Wolfe is there not as a geographer but as a general—

the soldier whose strategy in 1759 brought Québec and Canada into the British Empire

and ultimately give Britain her long-sought North West Passage—a passage over land, through Canada—to the Orient

Britain had other colonies in the New World including the Thirteen American ones she was soon to lose, and others she was to barter back and forth at the conference table

But it was Canada—New France, as it had been called by earlier colonists—that opened up the heart of North America and fire the imagination of the English speaking peoples

The new land turned out to be vaster than the British had imagined

It gave them a new sense of space. Living on an Island, they knew about the breadth of the oceans around them

But they had not ever known a land like that—a huge, open land, that seemed to go on and on, like the ocean.

It also gave them a new sense of time, and timelessness:

Living here were First Nations whose lives had been undisturbed for millennia, a window in time to look in on

Britain had had her Angles and Saxons, her Picts and Scots,

just as Italy had her Latins, Sabines, Romans and Etruscans

But these earlier peoples had passed away, intermingled in the marriage and movement of generations

In Canada these first peoples still thrived

Though the coming of Europeans changed their live immeasurably

500 years later they are still among us, vibrant and vital

Giving a Presence to our past, an immediacy to our origins that other nations can only imagine

This 10,000 years of living history and 5,000 kilometres of space posed new challenge and offered new opportunities

It led to treaties, agreements under which the land was ceded not by conquest but by covenants with the first peoples.
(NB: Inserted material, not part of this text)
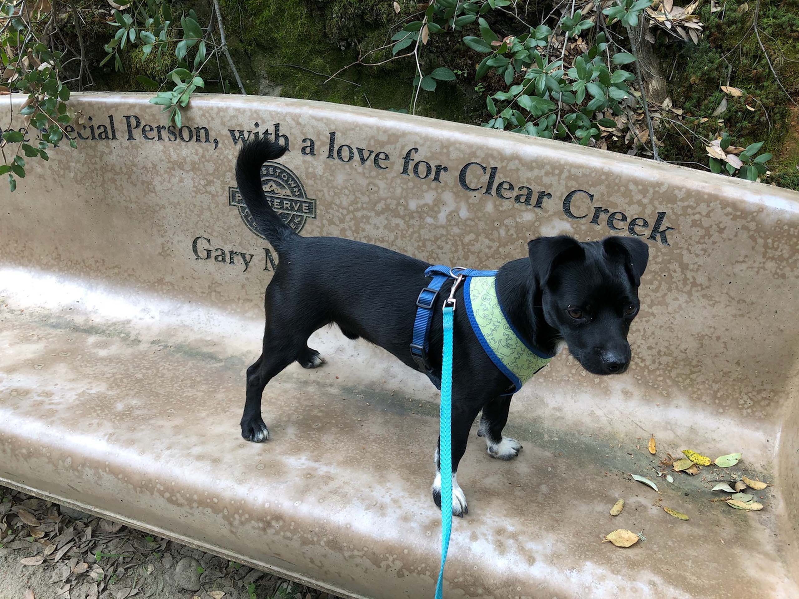 If you are sure-footed, you can continue to explore this rocky and sometimes steep path that eventually returns to the main trail. Otherwise, return to the paved walkway that soon turns into an easily traversed dirt trail. My pooch, Baxster, and I followed the trail downstream for a little over two miles before retracing our steps.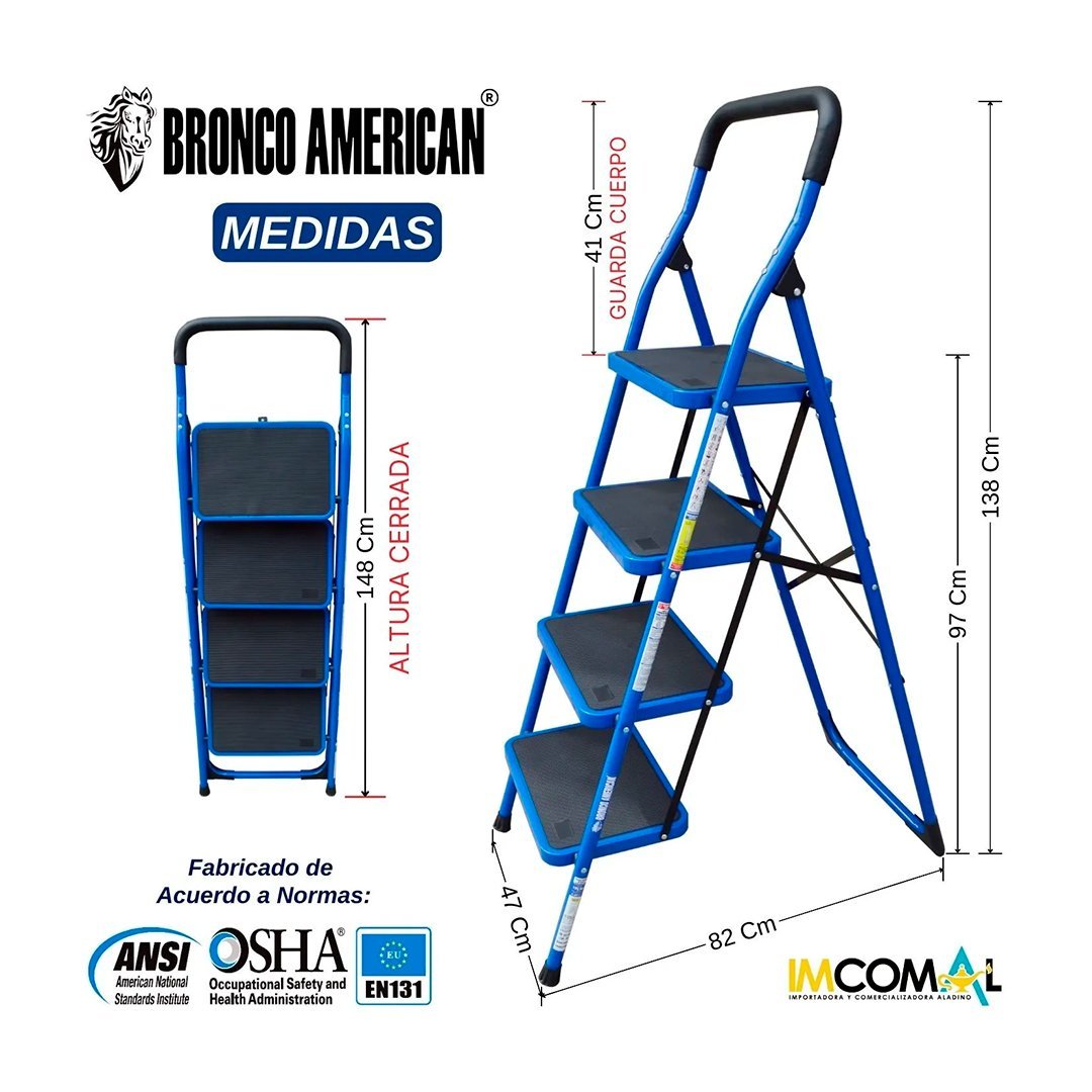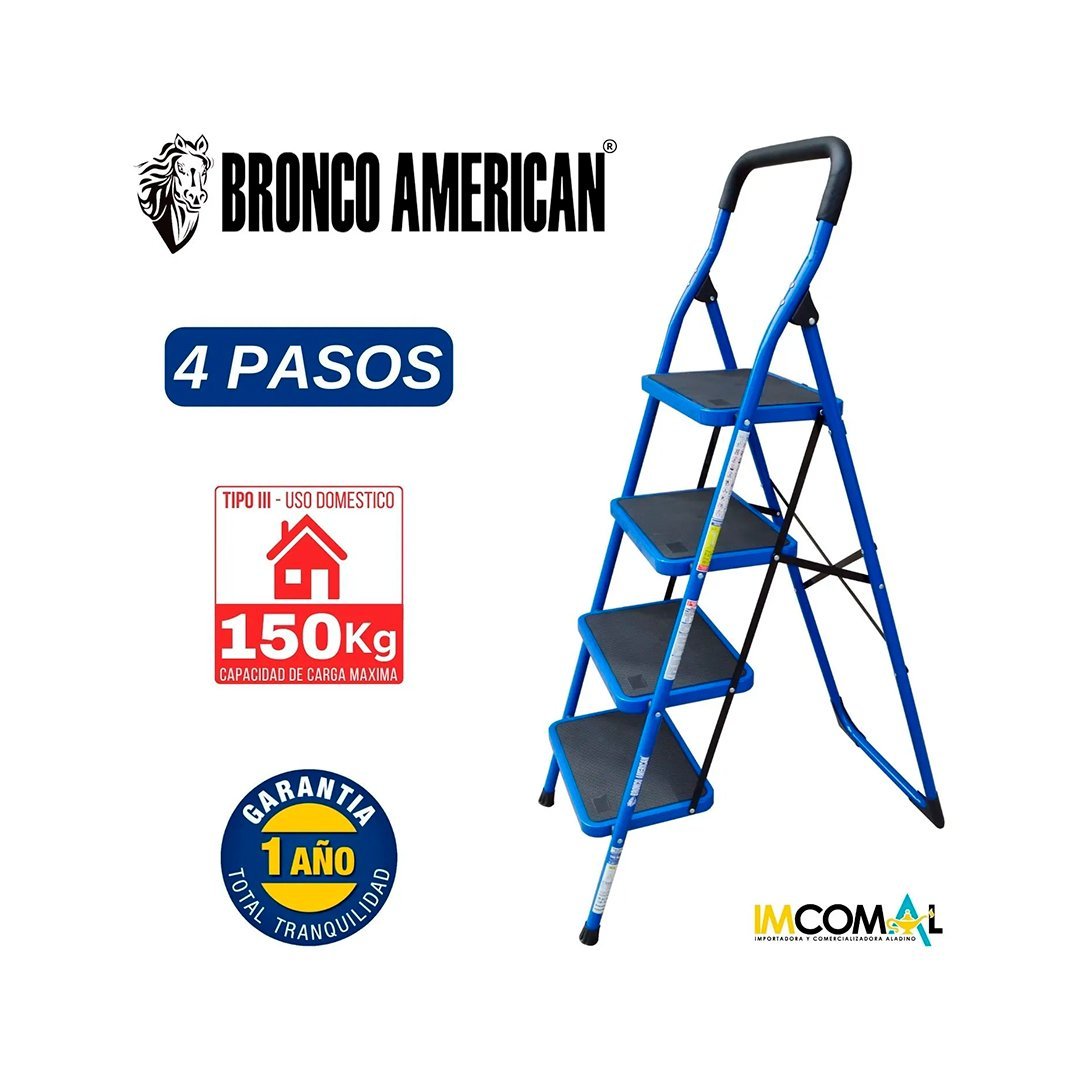 Escalera Acero Tipo Taburete de 4 Pasos BRONCO AMERICAN

It led to time zones in a space so vast that it was afternoon on our east coast when the sun was just rising in Vancouver

and where travel back and forth between these regions made it unworkable for everyone to set their own clock by the sun

It was a Canadian engineer and railway surveyor, Sanford Fleming, who gave the world its system of standard time

just as it was a Canadian communicator, Marshall McLuhan, 100 years later who gave the world phrases like “Gutenberg Galaxies” and “Global Village” to describe our planet’s coming together.

Canada’s place as a platform for peering into the cosmos began long before the space age:

James Cook rose to prominence as a navigator from a report he wrote on an eclipse of the sun he observed over Newfoundland.

He was there with Wolfe’s expedition, an expedition he helped make successful by charting up the Saint Lawrence

And when Cook—now—Captain Cook—was later plotting Venus’ position from the Island of Tahiti in the South Pacific …

a parallel plotting of Venus was taking place from Churchill, Manitoba, Canada, which later became a rocket launching range.

The Canadian technology that connected our country with telephone and transcontinental railways has gone into space …

giving the world the Canadarm—the arm and hand of the Space Shuttle—and the Telesat and Anik communications satellites.

Canada has given other things to the NASA space program:

Edmonton’s Namao air base, one of the few runways in the world long enough to serve as a Shuttle emergency landing strip …

and Tiger Lily, Alberta, one of the few towns whose radio amateurs managed to make live contact with the Shuttle.

We’ve given the space program three [now ten] astronauts:

Marc Garneau, Roberta Bondar, Julie Payette … Chris Hadfield

Canadians in time and space

Taking our sense of spaciousness and timelessness into orbit and bring back to Earth a renewed vision of ONE WORLD.